Despite high failure rates in scaling artificial intelligence (AI) initiatives, companies in Asia-Pacific (APAC) continue to ramp up investments, according to a new study by Accenture.
In its 2026 Pulse of Change survey, Accenture said 86% of executives plan to increase AI spending this year, even as many deployments struggle to move beyond pilot stages.
“Not even a third of the C-suite surveyed globally (32%) report having achieved sustained, enterprise-wide AI impact,” the firm said.
Accenture said AI projects often perform well in proof-of-concept tests but fail when integrated into core business processes, highlighting the gap between experimentation and full-scale adoption.
During a media briefing on April 22, Accenture executives said APAC firms remain optimistic about AI as a tool for navigating economic uncertainty, including volatile energy markets, workforce shortages, and talent gaps.
“Resilience is rising to the top of CEOs’ agendas right now. That is the single biggest reason why AI investment is accelerating in this region,” said Ryoji Sekido, Accenture’s co-CEO for APAC.
The study found that 71% of business leaders now prioritize investment in digital tools to manage change, up from 53% in mid-2025.
However, Accenture said scaling AI requires more than funding, pointing to four critical areas: talent, processes, operating models, and data.
Training workers remains a key hurdle. Only 20% of employees globally feel involved in shaping how AI affects their work, while just 17% actively seek ways to use the technology.

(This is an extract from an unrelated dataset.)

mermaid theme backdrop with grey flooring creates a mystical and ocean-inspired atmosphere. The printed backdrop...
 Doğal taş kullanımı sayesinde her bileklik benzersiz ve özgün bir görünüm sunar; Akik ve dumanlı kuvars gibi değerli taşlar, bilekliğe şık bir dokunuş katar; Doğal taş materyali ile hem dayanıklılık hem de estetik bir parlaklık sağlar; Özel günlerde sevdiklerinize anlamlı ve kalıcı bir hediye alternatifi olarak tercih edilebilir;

Companies that have successfully scaled AI tend to invest heavily in workforce upskilling. Telecom firm One New Zealand, for instance, rolled out internal programs such as “AI School” and “AI Studio” to train employees and crowdsource AI use cases.

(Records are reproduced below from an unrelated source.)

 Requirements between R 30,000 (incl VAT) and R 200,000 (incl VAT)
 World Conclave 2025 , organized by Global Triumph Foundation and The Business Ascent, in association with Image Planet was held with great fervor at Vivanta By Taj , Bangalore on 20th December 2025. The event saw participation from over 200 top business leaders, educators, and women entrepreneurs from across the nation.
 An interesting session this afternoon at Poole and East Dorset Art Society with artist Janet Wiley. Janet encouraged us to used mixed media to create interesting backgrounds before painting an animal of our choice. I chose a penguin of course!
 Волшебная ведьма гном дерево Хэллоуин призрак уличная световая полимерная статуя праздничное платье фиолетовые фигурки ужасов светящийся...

Beyond talent, Accenture said firms must redesign workflows and adopt adaptive, AI-driven processes, supported by strong governance frameworks.

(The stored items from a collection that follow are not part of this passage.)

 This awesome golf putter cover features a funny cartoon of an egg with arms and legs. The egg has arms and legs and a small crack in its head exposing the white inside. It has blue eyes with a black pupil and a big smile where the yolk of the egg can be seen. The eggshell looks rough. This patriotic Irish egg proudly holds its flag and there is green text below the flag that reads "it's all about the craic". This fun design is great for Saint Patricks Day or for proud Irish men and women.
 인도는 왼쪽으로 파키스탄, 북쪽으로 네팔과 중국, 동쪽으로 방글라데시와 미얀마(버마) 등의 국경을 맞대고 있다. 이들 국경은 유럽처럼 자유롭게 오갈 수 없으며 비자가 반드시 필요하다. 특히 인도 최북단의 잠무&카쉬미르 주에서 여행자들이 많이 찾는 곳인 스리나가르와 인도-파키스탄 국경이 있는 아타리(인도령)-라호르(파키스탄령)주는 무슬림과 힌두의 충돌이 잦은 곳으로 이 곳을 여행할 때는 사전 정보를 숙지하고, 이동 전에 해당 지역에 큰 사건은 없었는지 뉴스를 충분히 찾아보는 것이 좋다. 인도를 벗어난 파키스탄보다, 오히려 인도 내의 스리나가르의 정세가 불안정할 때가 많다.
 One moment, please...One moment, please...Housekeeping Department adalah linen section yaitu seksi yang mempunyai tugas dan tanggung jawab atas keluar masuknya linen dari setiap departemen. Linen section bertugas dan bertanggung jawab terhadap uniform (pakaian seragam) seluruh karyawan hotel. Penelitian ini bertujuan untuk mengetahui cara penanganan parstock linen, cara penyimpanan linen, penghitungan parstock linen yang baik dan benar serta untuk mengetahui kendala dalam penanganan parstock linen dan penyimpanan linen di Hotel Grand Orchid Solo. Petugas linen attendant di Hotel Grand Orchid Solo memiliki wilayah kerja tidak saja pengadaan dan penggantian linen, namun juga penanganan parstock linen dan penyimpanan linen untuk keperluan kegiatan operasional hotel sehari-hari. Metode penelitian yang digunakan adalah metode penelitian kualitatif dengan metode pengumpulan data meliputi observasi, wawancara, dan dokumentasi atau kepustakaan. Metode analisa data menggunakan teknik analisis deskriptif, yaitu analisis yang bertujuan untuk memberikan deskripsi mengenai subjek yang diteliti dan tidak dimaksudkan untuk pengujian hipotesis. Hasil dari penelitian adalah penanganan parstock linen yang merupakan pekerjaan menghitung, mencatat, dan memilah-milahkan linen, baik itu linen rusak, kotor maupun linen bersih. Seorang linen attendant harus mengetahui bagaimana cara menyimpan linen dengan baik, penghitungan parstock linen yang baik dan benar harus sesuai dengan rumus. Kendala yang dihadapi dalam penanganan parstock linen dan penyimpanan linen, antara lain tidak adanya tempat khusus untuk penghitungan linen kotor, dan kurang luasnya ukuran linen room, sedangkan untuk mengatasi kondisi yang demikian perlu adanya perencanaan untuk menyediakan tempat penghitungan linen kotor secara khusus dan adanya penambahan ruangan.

Singapore-based United Overseas Bank (UOB) was cited as an example, with AI deployed in areas such as portfolio optimization, credit risk analysis, and customer service.
“To deploy AI at scale, governance becomes even more critical,” said Alvin Eng, head of enterprise AI at UOB.
Accenture also emphasized the need for an “intelligent digital core” — integrating data, systems, and decision-making — to support large-scale AI deployments.
Indian consumer goods firm Dabur India said maintaining reliable data pipelines remains one of the biggest technical challenges.
“In this era you cannot sustain without having a data foundation,” said Dabur global CIO Manas Mehra.
Despite the difficulties, Accenture said companies that invest in talent, governance, and data infrastructure are emerging as early leaders in the region’s ongoing AI race.